• [Supplied information]
__________________________________________________
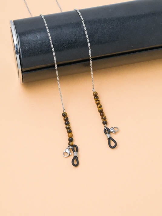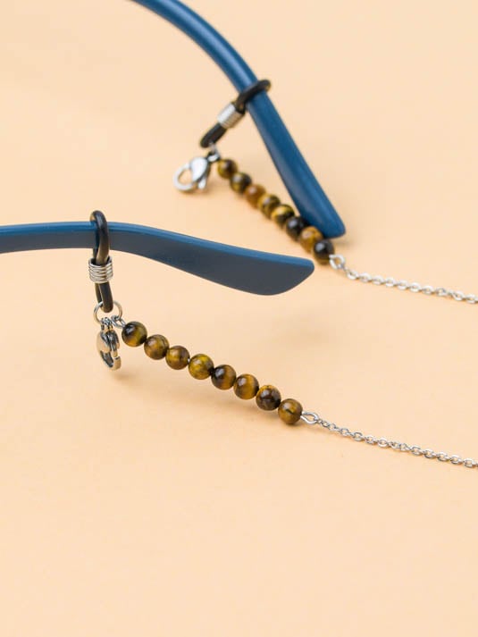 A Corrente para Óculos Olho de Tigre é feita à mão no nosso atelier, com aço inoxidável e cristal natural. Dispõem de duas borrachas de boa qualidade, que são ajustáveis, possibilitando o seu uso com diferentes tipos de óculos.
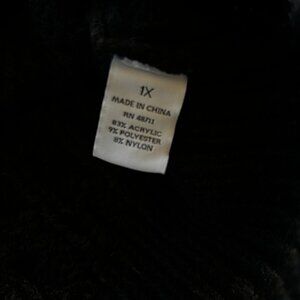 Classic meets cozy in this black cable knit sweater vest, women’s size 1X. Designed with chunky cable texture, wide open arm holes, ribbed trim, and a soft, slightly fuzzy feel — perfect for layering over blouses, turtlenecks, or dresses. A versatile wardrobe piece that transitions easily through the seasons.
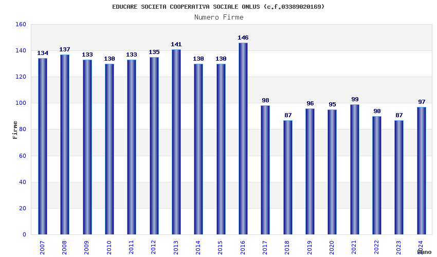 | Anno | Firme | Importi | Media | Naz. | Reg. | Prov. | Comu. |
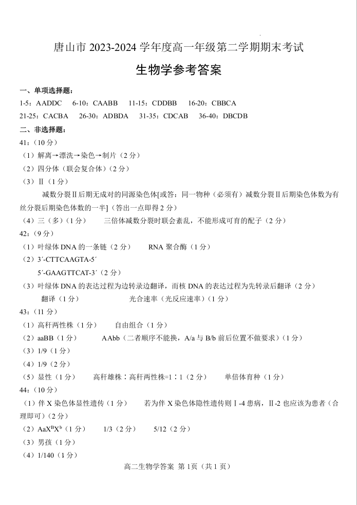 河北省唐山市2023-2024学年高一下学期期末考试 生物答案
__________________________________________________
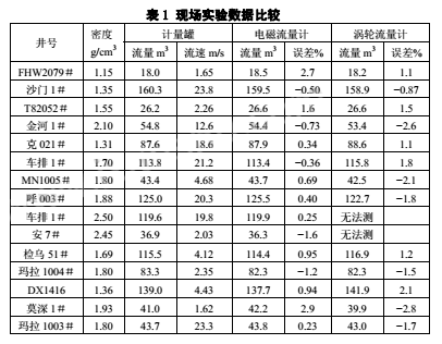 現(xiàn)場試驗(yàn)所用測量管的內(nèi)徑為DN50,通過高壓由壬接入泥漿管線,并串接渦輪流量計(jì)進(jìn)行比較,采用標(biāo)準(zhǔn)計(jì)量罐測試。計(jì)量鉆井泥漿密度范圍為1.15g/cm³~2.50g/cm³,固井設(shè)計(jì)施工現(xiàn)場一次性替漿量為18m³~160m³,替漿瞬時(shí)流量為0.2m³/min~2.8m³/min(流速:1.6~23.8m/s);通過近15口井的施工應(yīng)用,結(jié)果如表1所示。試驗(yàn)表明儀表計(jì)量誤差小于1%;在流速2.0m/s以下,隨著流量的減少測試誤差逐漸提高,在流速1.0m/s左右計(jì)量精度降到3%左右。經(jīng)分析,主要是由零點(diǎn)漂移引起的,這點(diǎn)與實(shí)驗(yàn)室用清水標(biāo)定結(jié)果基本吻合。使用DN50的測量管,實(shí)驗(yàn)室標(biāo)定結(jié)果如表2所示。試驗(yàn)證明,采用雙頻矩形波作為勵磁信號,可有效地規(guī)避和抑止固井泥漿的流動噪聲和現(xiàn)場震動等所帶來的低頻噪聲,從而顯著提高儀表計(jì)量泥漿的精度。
__________________________________________________
• [The task]
Take the material above and output only the lines from the one that contains "A Corrente para" through the one that contains "河北省唐山市2023-2024学年高一下学期期末考试 生物答案", ends included and images left out.

• [Solution for this exercise]
 A Corrente para Óculos Olho de Tigre é feita à mão no nosso atelier, com aço inoxidável e cristal natural. Dispõem de duas borrachas de boa qualidade, que são ajustáveis, possibilitando o seu uso com diferentes tipos de óculos.
 Classic meets cozy in this black cable knit sweater vest, women’s size 1X. Designed with chunky cable texture, wide open arm holes, ribbed trim, and a soft, slightly fuzzy feel — perfect for layering over blouses, turtlenecks, or dresses. A versatile wardrobe piece that transitions easily through the seasons.
 | Anno | Firme | Importi | Media | Naz. | Reg. | Prov. | Comu. |
 河北省唐山市2023-2024学年高一下学期期末考试 生物答案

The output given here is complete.